THREE fatal shootings in the Hunter in a week have prompted an aghast community to ask how and why guns are finding their way into the hands of the wrong people.
Two young men were shot dead in a Mayfield street on Sunday - reportedly the result of a neighbourhood dispute - and another was killed at Raymond Terrace shortly after midnight yesterday.
While precise circumstances surrounding the three killings are not yet clear it is natural that attention should be drawn to gun control laws.
The Greens have been quick to accuse the NSW Labor government of watering down gun laws and the party has called for a ban on semi-automatic handguns.
Regardless of the validity of the Greens call, the government is notoriously vulnerable to attack on the gun issue because of its reliance on the Shooters Party to have its bills passed in the state's upper house.
The price of this support has been controversial demands by shooters for relaxed gun and hunting laws, with yet another proposal before parliament this month. The shooters want gun owners, disqualified after domestic violence orders, to be able to regain their licences after five years instead of 10.
Sporting shooters insist they are already as tightly regulated as they need to be, but police revealed this week that more than 560 firearms were reported stolen - mostly from private homes - last year alone.
Many stolen guns presumably find their way onto the black market and end up in the hands of criminals and hoodlums with no interest whatever in obeying rules. Once guns fall into the wrong hands the danger arises that they will be used during a crime or a heated confrontation.
With so many guns being stolen from private premises it appears fairly obvious that supposedly secure storage arrangements commonly in use by licensed shooters are frequently inadequate.
Perhaps the time is approaching when sporting shooters should be required to keep their guns and ammunition at genuinely secure off-site storage depots.

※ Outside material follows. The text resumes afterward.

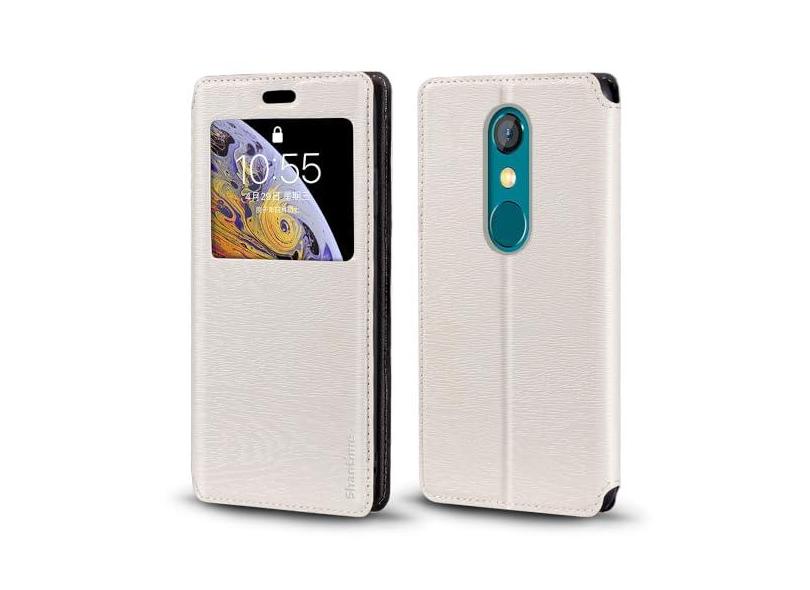 Capa para Unihertz Jelly Star, capa de couro de grão de madeira com porta-cartões e janela, capa flip magnética para Unihertz Jelly Star (7,6 cm)

Gun enthusiasts are fond of repeating their famous mantra that "guns don't kill people; people do". It is tragically obvious, however, that people with guns are more effective killers than people without them.
The frozen gates
ADAMSTOWN railway gates may be destined to join Swansea bridge as one of the region's most annoying symbols of government inattention. Swansea's mechanically unreliable bridge has infuriated Hunter people for years and, as traffic worsens and coal trains get longer and more frequent, the rail gates at Adamstown - already a nuisance - seem set to generate more fury and frustration.
Yesterday the gates even imitated one of the bridge's most disliked tricks, apparently becoming locked in the least convenient position for extended periods over the course of the morning.
The longer the government fails to address the obvious problems that loom when big coal trains thunder north from Wyong and block the gates more often, the more anger it will draw upon itself.